What good does it a man’s soul to win Sante Fe and lose Des Moines?
@Doug Mataconis:
The answer seems to be nothing.
It seems pretty clear that the Republicans’ strategy for dealing with this is to maximize their vote among whites and trot out the occasional token minority to prove that they aren’t racist.
@PD Shaw:
PD…. Sante Fe is the future, Des Moines is the past. Which will track the future of our country?
(And yah…. that was rhetorical….)
@OzarkHillbilly:
You beat me to that very observation, Hillbilly. The Republicans are selling something which only appeals to a rapidly shrinking part of the electorate. There’s plenty of tea party types, GOP diehards I’ve talked to who are convinced that if we want the economy to improve all we have to do is deporting all people here illegally. We’d save billions they say. Hell, a significant portion of our deficit would disappear if we only deported them all. And why do they believe this? Because they have been told this over and over in the right-wing blogosphere, talk radio etc.
I see this as another facet of the overall purity movement within the Republican Party. There has been a remarkable purge of ideological, religious, and economic heretics – why not race as well?
I’ve seen an awful lot of pixels prognosticating the ruin of the GOP over this. However, as any decent AP Government course will teach, a potential group’s large size is often a weakness in getting preferred policy passed, or a preferred candidate elected. A smaller group with strong cohesion activates much more effectively, particularly when they believe they are under threat.
Remember, this party is still strongly influenced by Karl Rove – the great splitter of the modern electorate. His outfit is built almost entirely on deactivating the Democrats’ demographic advantage over a long period of time.
@Latino_in_Boston:
Which again demonstrates the phoniness of the Tea Party’s support for capitalism. What country ever made itself wealthier by destroying its own captial resources?
@Steven L. Taylor:
You always avoid the issue is how can any conservative party appeal to Hispanics when Hispanics are so liberal. How can any conservative party support ethnic set asides, open borders, demand that others speak Spanish, high taxes, and high entitlements.
If Hispanics showed any interest in conservative politics, Republicans would be interested in appealing to them but when Hispanics are very liberal, there is nothing that any conservative party can do.
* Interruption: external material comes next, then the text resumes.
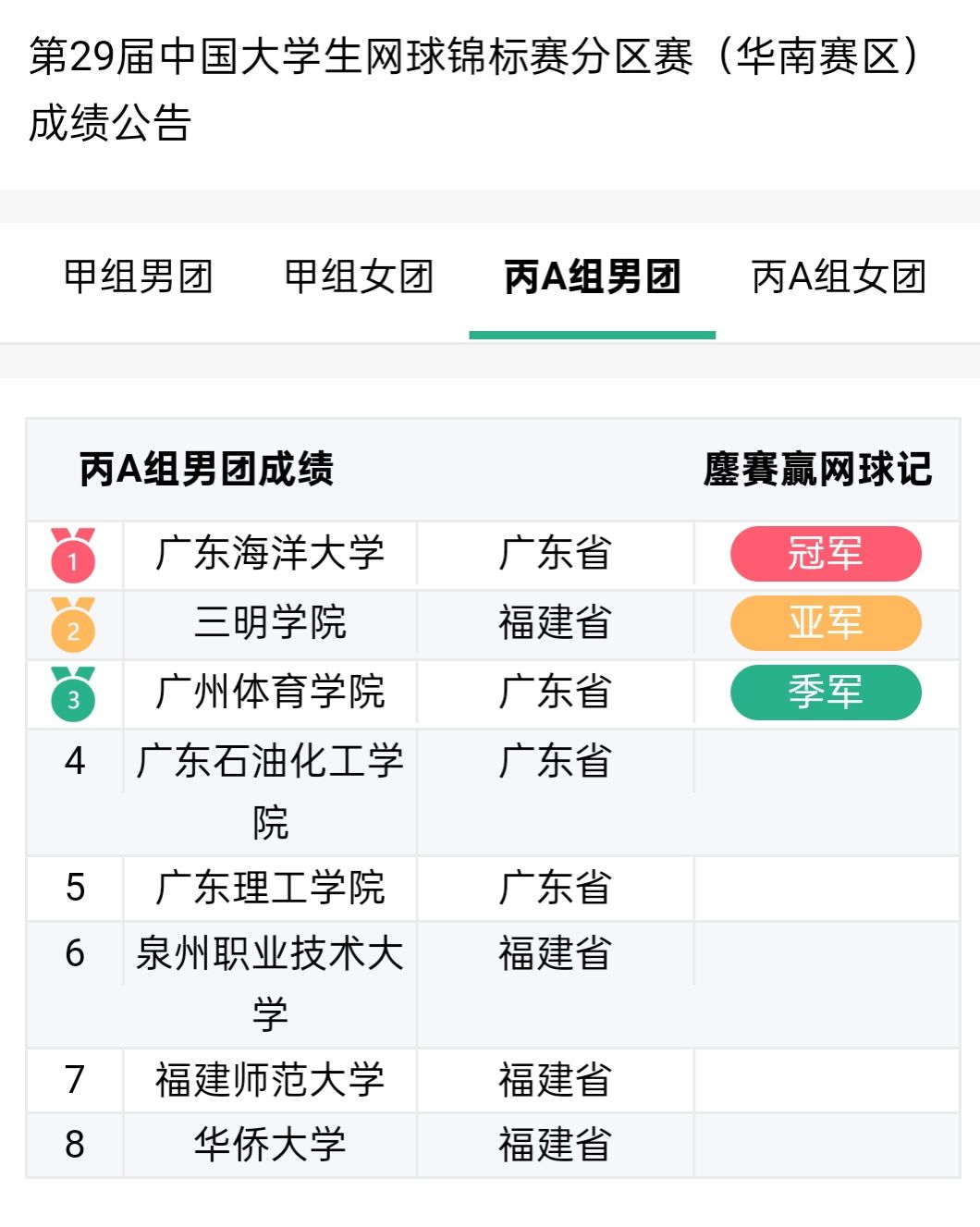 本网讯(体育学院)12月6日,由中国学术体育联合会主办的第29届中国大学生网球锦标赛(华南赛区)在福建省晋江市全民健身中心网球馆圆满落幕。beat365网球队在体育学院党委书记苏庚华的带领下,由夏磊、刘涛、胡进城三位教师担任教练,12名参赛学子奋勇拼搏,最终斩获丙A组女子团体亚军、丙A组男子团体第五名、丙A组团体一等奖的优异成绩,创下beat365网球队团体赛事历史最佳战绩。

@superdestroyer: The problem with your “argument” is that it assumes that ethnicity/race determines ideology and hence you say “Hispanics are so liberal,”
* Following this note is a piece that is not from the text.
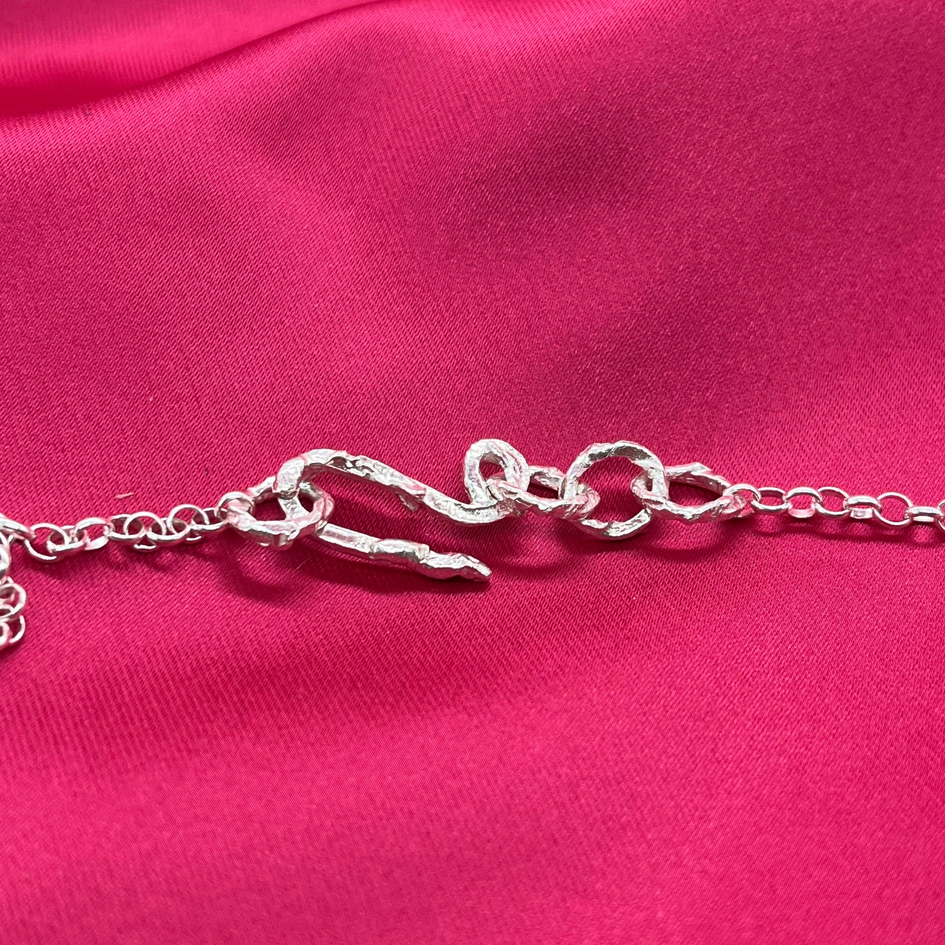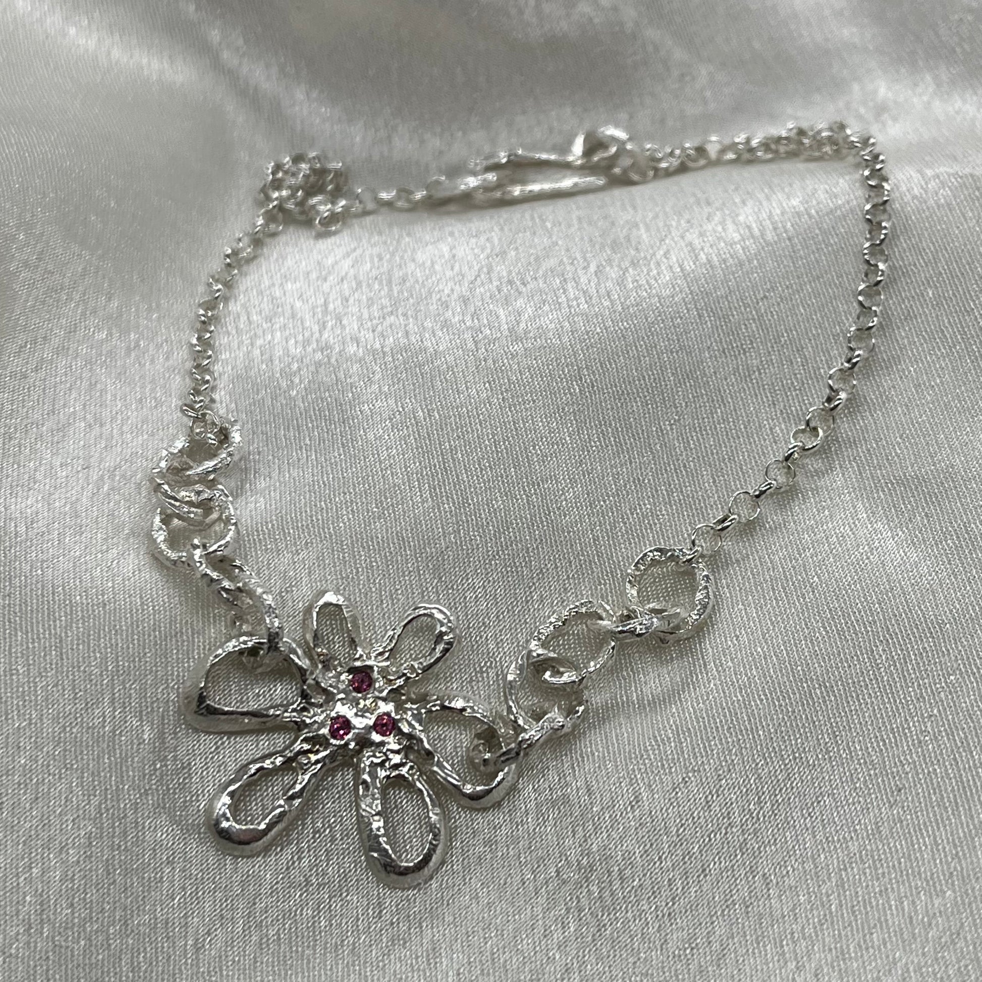 La Cadena Floralis Kiut es parte del mundo Floralis, siendo la versión intermedia dentro de la colección. Se compone de 7 eslabones hechos a mano a cada lado de la flor central, seguido por una cadena rolo de plata 925 y finalizada con un broche hecho a mano.

The problem is not that Hispanics find all conservative ideas anathema, it is that over the last decade the GOP had done nothing to court Hispanics, and indeed have done quite the opposite.
Hispanics, as a demographic group, tend to be socially conservative, for example.
Your problem, and why I don’t spend a lot of time trying to engage you, is that you views are so thoroughly race-based that you really can see nothing else (nor does it seem you have real interest in doing so).
@Latino_in_Boston:
If Texas is a swing state, then the Democrats have a lock on enough states to make the U.S. a one party state.
The real question that no one ever wants to discuss is how does a any conservative party appeal to a demographic group that has such low academic performance, that has a single mother birth rate of 50%, and commits crime at a rate about 4 times higher than whites, and that are generally much poorer.
What can any conservative party do when the Democrats say that they will tax the rich (read whites) and give the money to Hispanics.
@Steven L. Taylor:
I am not surprised that no one at outsidethebeltway or any other moderate blog has posted about Romney’s embarrassing failure at reaching out to blacks http://www.huffingtonpost.com/2012/05/24/mitt-romney-education-philadelphia-black-voters_n_1542981.html
My guess is that the conventional wisdom will be that is Romney had tried harder to just said the right thing, it would have been ineffective. What no consultant is willing to do is admit that appealing to blacks is a total waste of time for conservatives and will always backfire and lead to embarrassment.